Z cerkwią i gazownią. O jeden mural za daleko?
28 lutego 2018
Propozycja urządzenia pionowego ogrodu przepadła. Będzie tradycyjnie: z grafiką wielkiego formatu.
Po zniszczeniach z czasu II wojny światowej i późniejszych wydarzeniach Wola jest dzielnicą pełną ślepych ścian starych kamienic. Przez wiele lat nie było pomysłu na ich ozdobienie. W najlepszym wypadku próbowano obsadzić je bluszczem, ale źle dobrane odmiany rosły zazwyczaj kiepsko, dając opłakane efekty.
Mural z przesłaniem ozdobił Mirów. "Boskie Matki są wśród nas"
Znikła kolejna ślepa ściana starej kamienicy. Tym razem grafika jest nie tylko ozdobą.
Później przyszła moda na murale. Trudno powiedzieć, ile jest ich na Woli, ale można odnieść wrażenie, że zaczyna grozić nam przesyt. Zwłaszcza że wybierane projekty nie tylko nie porządkują krajobrazu, ale wręcz powiększają bałagan.
Jeszcze jeden
W grudniu Zakład Gospodarowania Nieruchomościami ogłosił konkurs na mural dla kamienicy stojącej w jednym z najbardziej ruchliwych miejsc dzielnicy, przy skrzyżowaniu Żelaznej z al. "Solidarności". Zgłaszane projekty miały: zawierać treści nawiązujące do hasła "Moda na Wolę", prezentować wysokie walory artystyczne, wzbudzać pozytywne odczucia i wpisywać się w przestrzeń. Spośród 32 propozycji wybrano projekt Igora "Aqualoopy" Chołdy, wyróżniający się mocnymi kolorami.

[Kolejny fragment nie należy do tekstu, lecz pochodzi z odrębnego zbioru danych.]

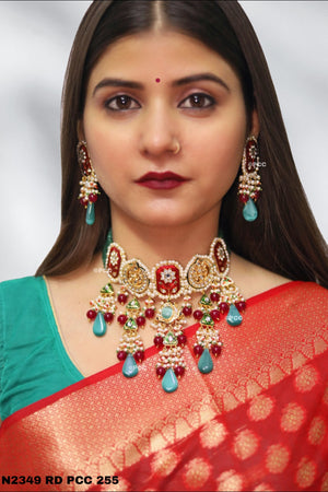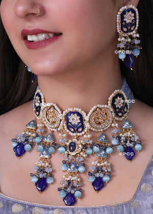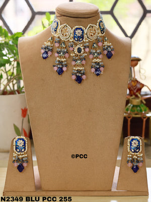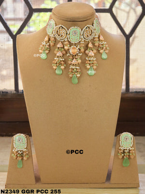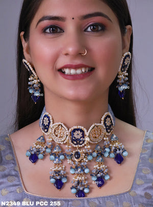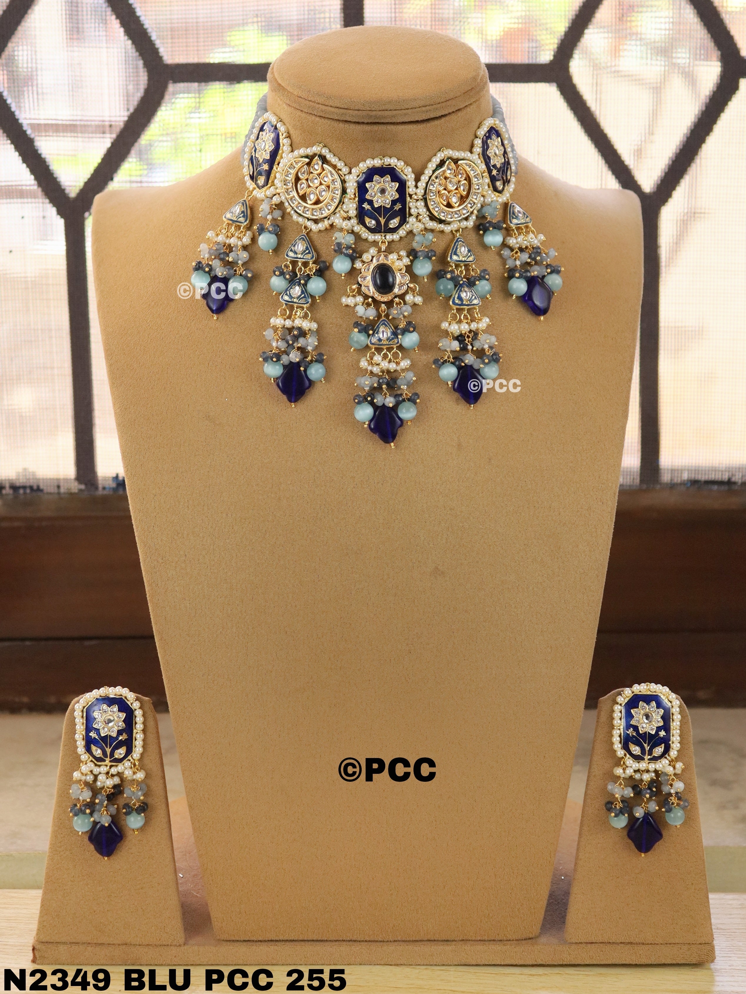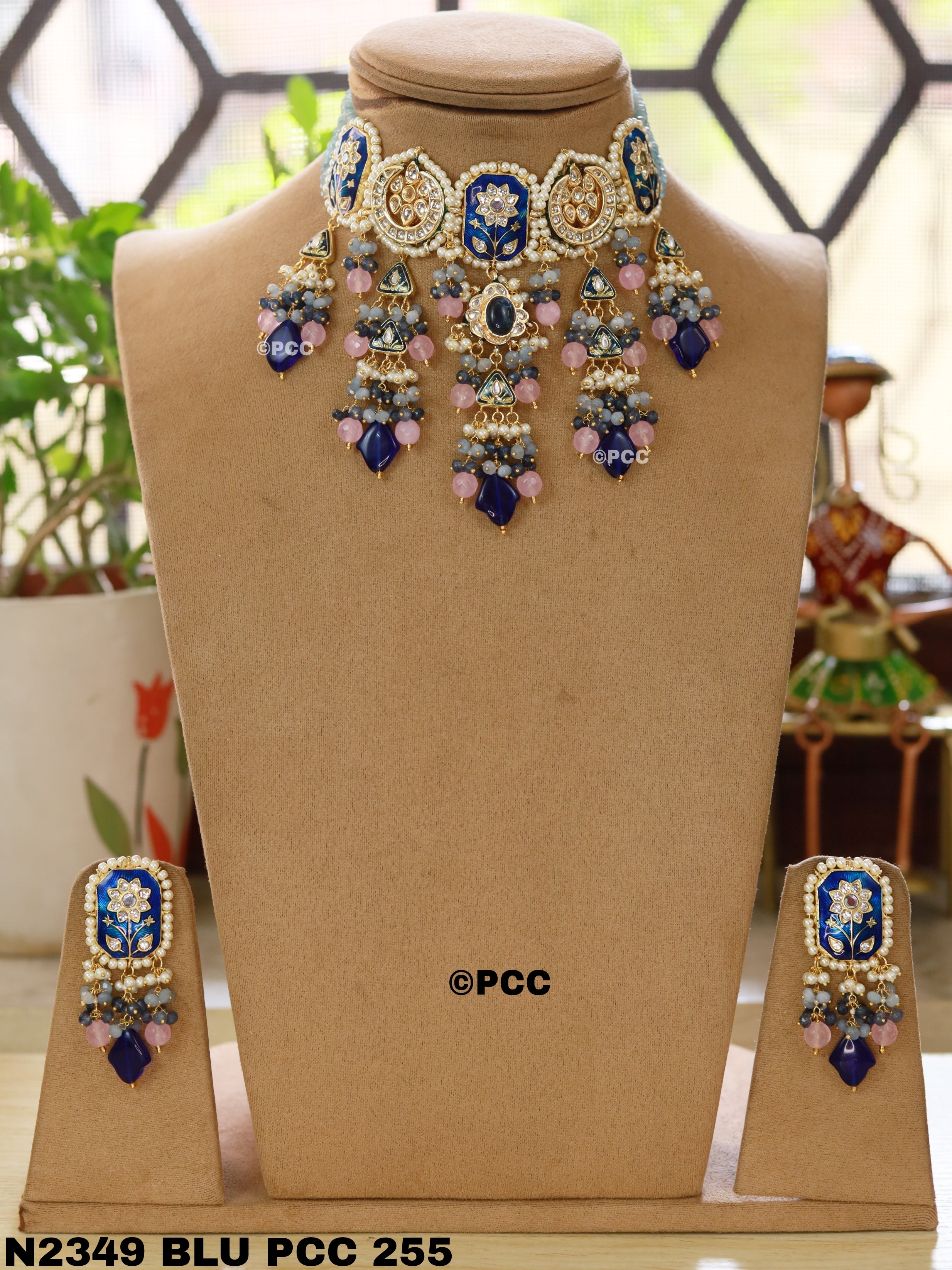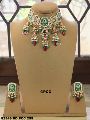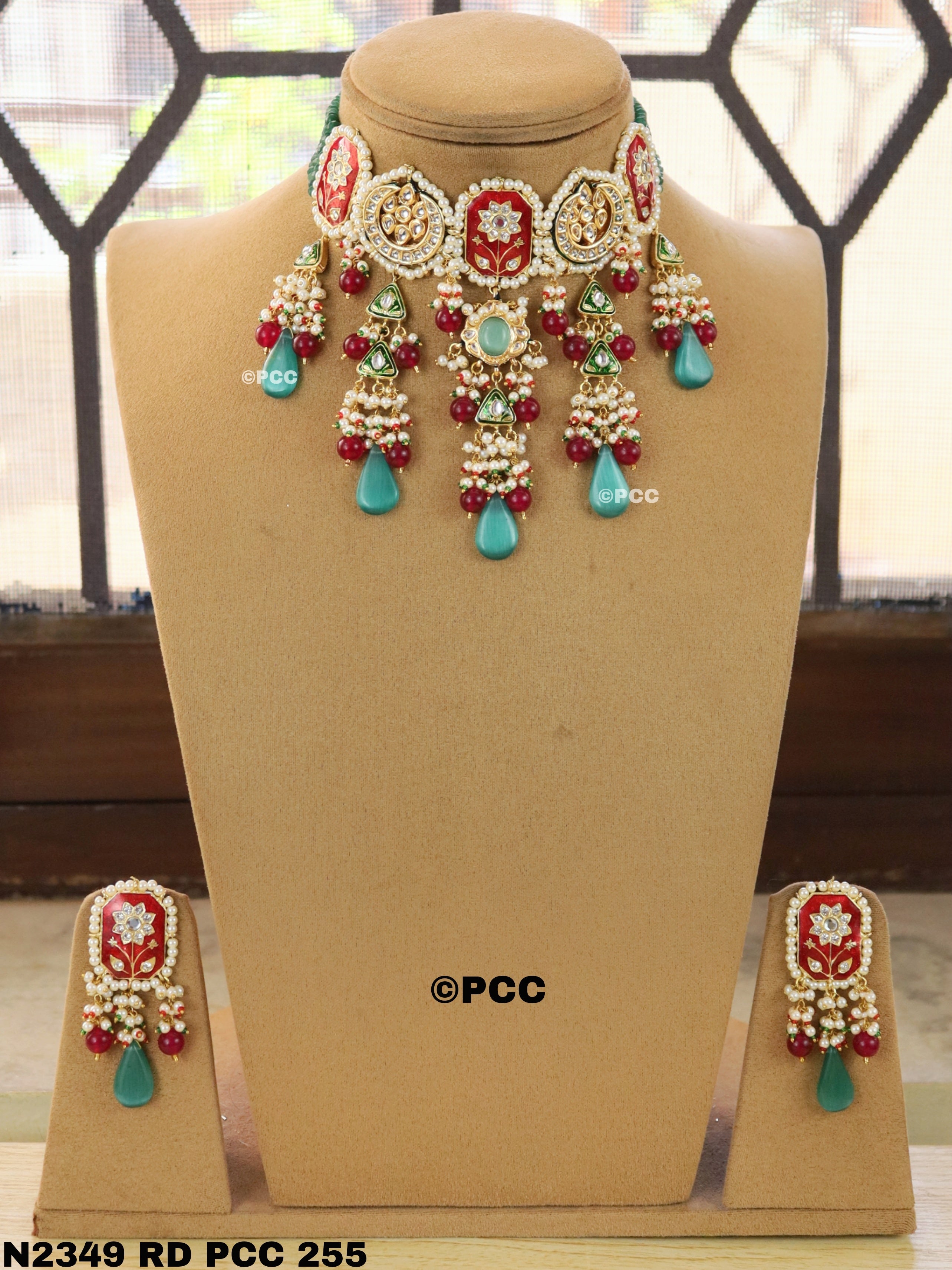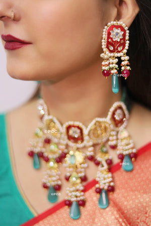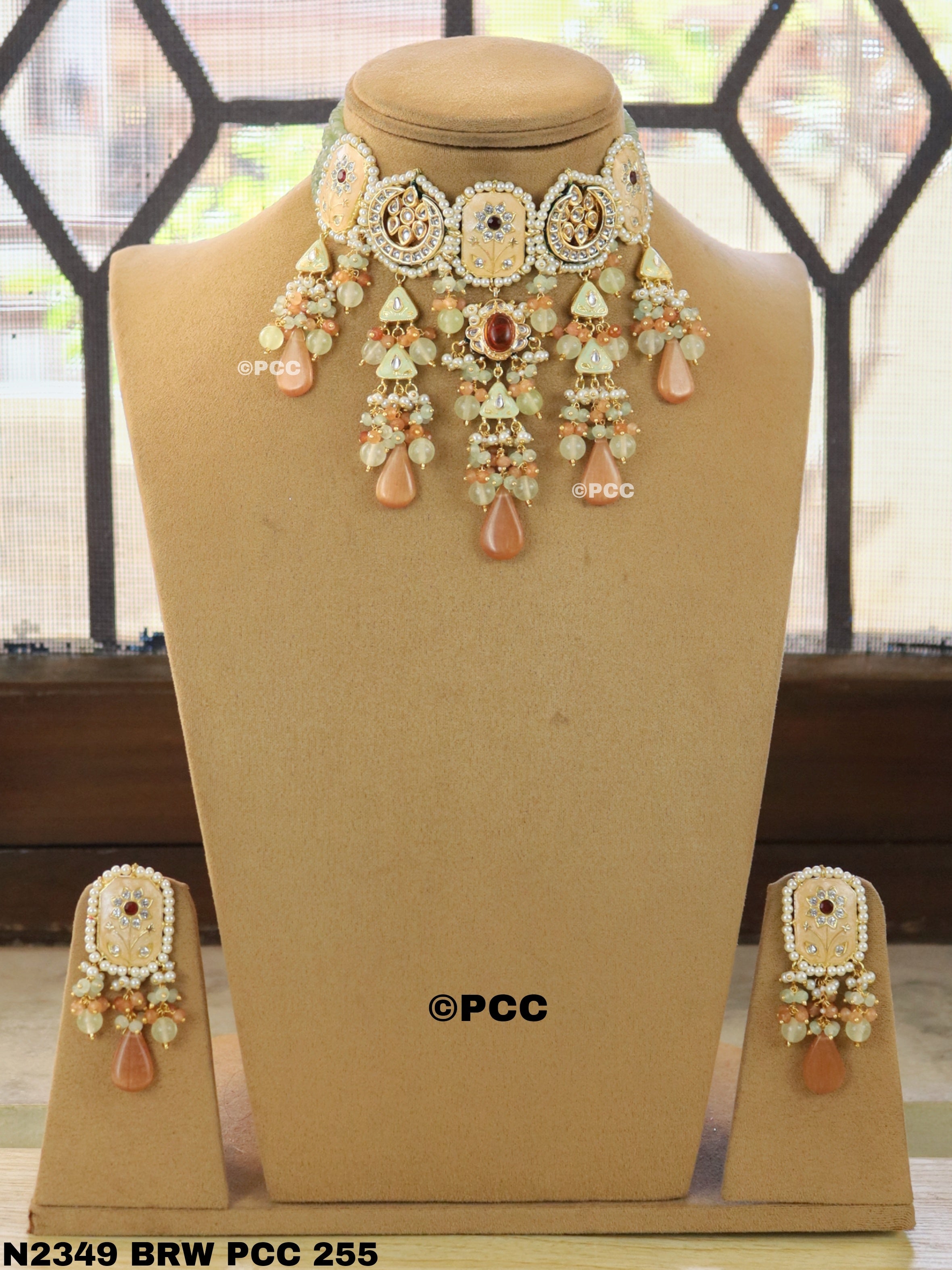 Jadau Meena Kundan Hand Work Necklace & Earrings.

- Za inspirację posłużyły mi skojarzenia związane z życiem ulicznym i dźwiękami dzielnicy, które znam jeszcze z dzieciństwa: zielony skwer na skrzyżowaniu al. "Solidarności" i Towarowej, gdzie stawały kiedyś cyrk i wesołe miasteczko, turkot tramwajów, bazary, Muzeum Kolejnictwa, w którym spędzałem dużo czasu - mówi artysta.
Woleli zieleń
- Dobrze, że burmistrz stara się poprawić estetykę naszej dzielnicy - napisali wolscy aktywiści stowarzyszenia Miasto Jest Nasze. - Chcielibyśmy jednak zaproponować, aby urząd dzielnicy rozważył tworzenie na wolnych ścianach, tam gdzie to jest możliwe, ogrodów wertykalnych.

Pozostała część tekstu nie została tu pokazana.